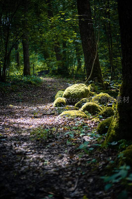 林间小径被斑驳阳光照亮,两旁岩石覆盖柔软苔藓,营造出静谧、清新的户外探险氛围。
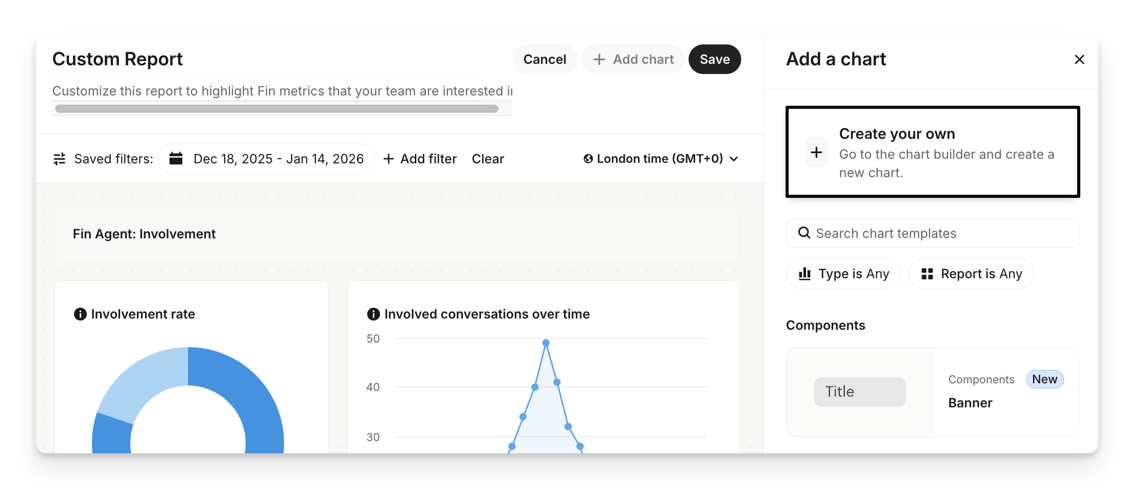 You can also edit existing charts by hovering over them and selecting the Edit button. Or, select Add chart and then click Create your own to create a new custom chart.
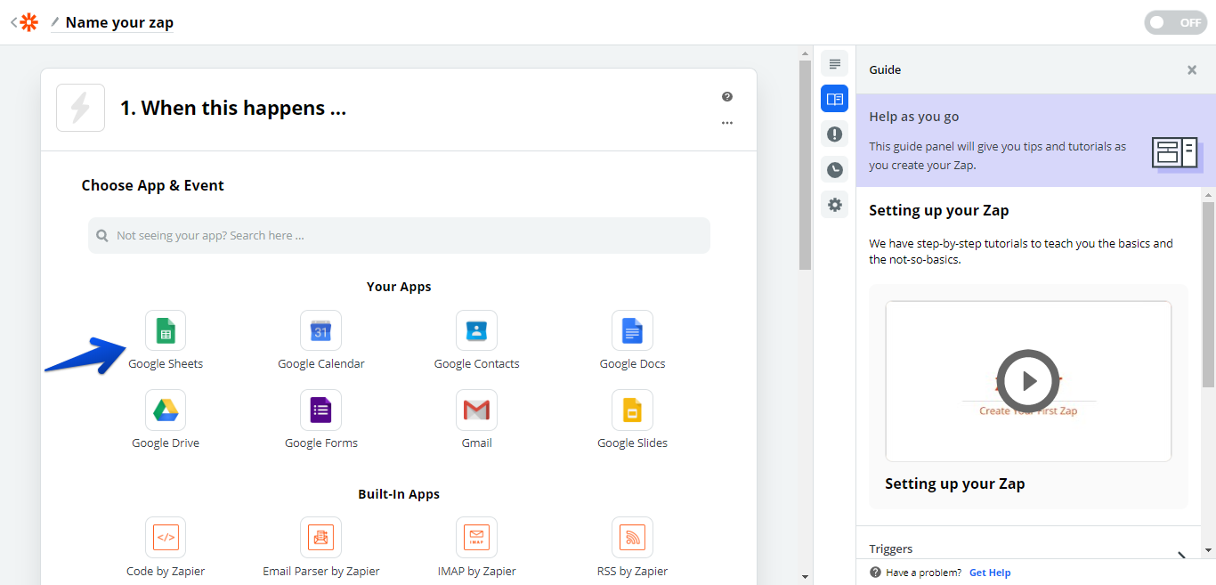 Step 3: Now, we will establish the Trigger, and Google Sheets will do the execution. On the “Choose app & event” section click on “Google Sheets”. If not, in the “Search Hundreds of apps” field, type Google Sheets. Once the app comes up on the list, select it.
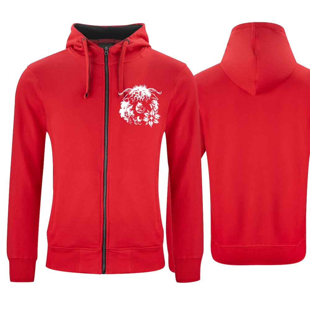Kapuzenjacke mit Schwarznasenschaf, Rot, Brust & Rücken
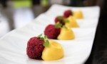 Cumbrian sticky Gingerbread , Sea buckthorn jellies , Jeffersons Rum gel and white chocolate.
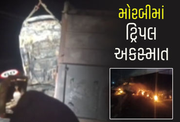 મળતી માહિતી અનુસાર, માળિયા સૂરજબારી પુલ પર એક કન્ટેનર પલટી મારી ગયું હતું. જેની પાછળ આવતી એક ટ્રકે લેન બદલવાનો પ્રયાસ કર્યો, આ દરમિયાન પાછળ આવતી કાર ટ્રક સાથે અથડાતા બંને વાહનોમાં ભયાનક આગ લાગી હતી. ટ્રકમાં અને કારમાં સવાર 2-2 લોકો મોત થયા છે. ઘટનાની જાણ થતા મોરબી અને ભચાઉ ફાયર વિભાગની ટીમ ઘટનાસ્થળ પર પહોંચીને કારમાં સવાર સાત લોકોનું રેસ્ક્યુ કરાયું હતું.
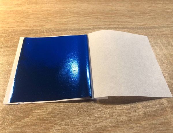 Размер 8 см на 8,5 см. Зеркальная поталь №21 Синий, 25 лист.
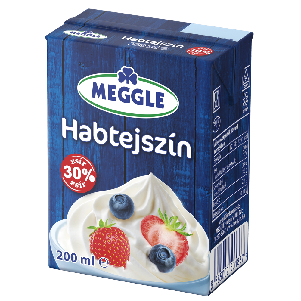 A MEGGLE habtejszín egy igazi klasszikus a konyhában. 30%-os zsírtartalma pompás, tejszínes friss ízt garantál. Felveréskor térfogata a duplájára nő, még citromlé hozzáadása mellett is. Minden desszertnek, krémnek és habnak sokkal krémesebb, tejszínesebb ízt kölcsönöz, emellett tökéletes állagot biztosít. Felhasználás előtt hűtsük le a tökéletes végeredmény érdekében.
* * *
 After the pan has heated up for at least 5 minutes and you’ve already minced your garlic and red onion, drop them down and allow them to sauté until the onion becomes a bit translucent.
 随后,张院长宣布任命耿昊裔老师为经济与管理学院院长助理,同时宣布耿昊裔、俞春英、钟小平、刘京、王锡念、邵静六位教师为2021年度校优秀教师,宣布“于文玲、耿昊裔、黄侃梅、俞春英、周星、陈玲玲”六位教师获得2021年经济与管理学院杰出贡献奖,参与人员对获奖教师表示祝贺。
--
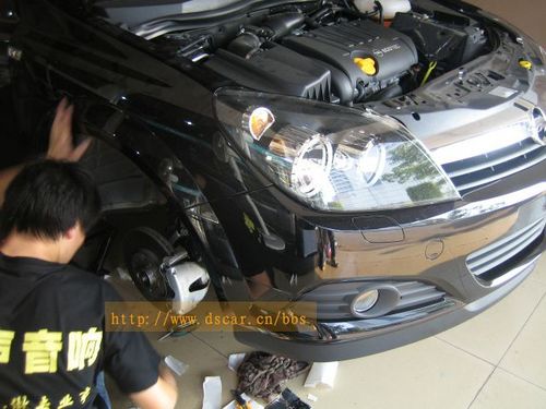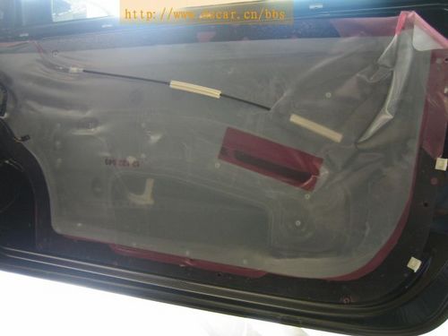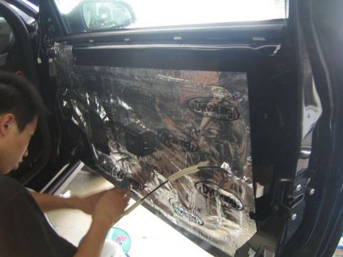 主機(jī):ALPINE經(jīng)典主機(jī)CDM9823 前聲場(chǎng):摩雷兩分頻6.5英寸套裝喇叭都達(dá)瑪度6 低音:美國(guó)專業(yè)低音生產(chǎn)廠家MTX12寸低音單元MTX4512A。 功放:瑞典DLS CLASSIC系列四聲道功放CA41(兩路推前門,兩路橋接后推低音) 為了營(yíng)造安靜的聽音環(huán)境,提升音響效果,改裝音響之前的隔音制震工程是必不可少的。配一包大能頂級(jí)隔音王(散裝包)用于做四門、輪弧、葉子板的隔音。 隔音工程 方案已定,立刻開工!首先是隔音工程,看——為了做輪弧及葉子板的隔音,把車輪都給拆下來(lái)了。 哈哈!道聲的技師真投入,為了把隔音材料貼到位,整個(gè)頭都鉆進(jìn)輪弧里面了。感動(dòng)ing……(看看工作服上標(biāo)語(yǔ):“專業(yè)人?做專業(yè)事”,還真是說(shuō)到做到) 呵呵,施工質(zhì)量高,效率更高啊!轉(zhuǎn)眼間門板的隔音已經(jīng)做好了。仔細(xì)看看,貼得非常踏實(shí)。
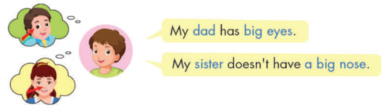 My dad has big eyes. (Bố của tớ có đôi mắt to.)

# WHAT TO PRODUCE:
Within the listing above, extract exactly the lines that run from the one containing "林间小径被斑驳阳光照亮,两旁岩石覆盖柔软苔藓,营造出静谧、清新的户外探险氛围。" through the one containing "You can also", excluding any pictures.

# WRITTEN REPLY:
 林间小径被斑驳阳光照亮,两旁岩石覆盖柔软苔藓,营造出静谧、清新的户外探险氛围。
 You can also edit existing charts by hovering over them and selecting the Edit button. Or, select Add chart and then click Create your own to create a new custom chart.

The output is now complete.